Mais puisque le triceps n'est pas un muscle que l'on peut utiliser pour prendre très lourd (surtout sur les extensions, sinon gare aux coudes), on va ruser en utilisant un exercice de muscu de base (développé couché, Dips...) où ils sont fortement sollicités, mais sur l'amplitude où ils le sont le plus, pour accentuer à fond leur travail. Par exemple en fait 3 répétitions en demi mouvement de dips (juste la partie haute) avec une charge déplaçable 5 fois sur cette même amplitude. Vous prenez quelques secondes de récupération et vous enchaînez sur un effort plus spécifique au triceps (par exemple le barre au front) où vous prendrez une charge légère (par exemple 60% de votre 1RM) et où vous ferez les phases concentriques le plus rapidement possible.

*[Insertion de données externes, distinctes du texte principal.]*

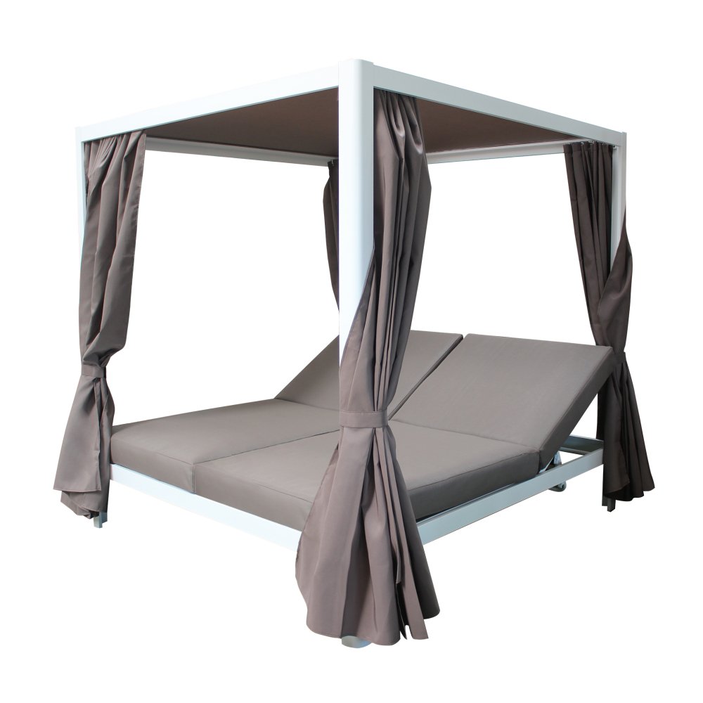 Con la sua doppia superficie per sdraiarsi, il gazebo letto RICH è perfetto per una seduta comoda o anche come pratico letto. Puoi regolare lo schienale per trovarti nella posizione ideale per goderti il sole o leggere un buon libro.

D'autres techniques sont aussi possibles. Par exemple le stato-dynamique. Vous faites la phase excentrique, vous débutez la phase concentrique et vous vous arrêtez à la moitié du mouvement. Vous tenez la position 4 à 6 secondes et vous explosez pour finir le mouvement (le plus rapidement possible, pas de fioriture.

Le stop-and-go est aussi une bonne solution. Vous prenez 3 à 5 secondes de pause à la transition excentrique-concentrique et vous faites votre phase excentrique le plus rapidement possible (pas d'accélération progressive, on donne tout dès le départ).

Il en existe bien d'autres, mais pour débuter c'est déjà une bonne base, en sachant que les cycles de puissance se dérouleront sur 3 à 6 semaines (pas besoin d'en faire plus) et que cela n'a d'intérêt (pour le triceps) que si c'est bien ce muscle qui est le maillon faible pour gagner de la force sur des exercices comme le Développé Couché, les dips ou les développes militaires par exemple.

Attention : à ne pas utiliser par les débutants, il faut d'abord parfaitement maitriser les exercices avant de pouvoir chercher à les accélérer et à gagner en puissance.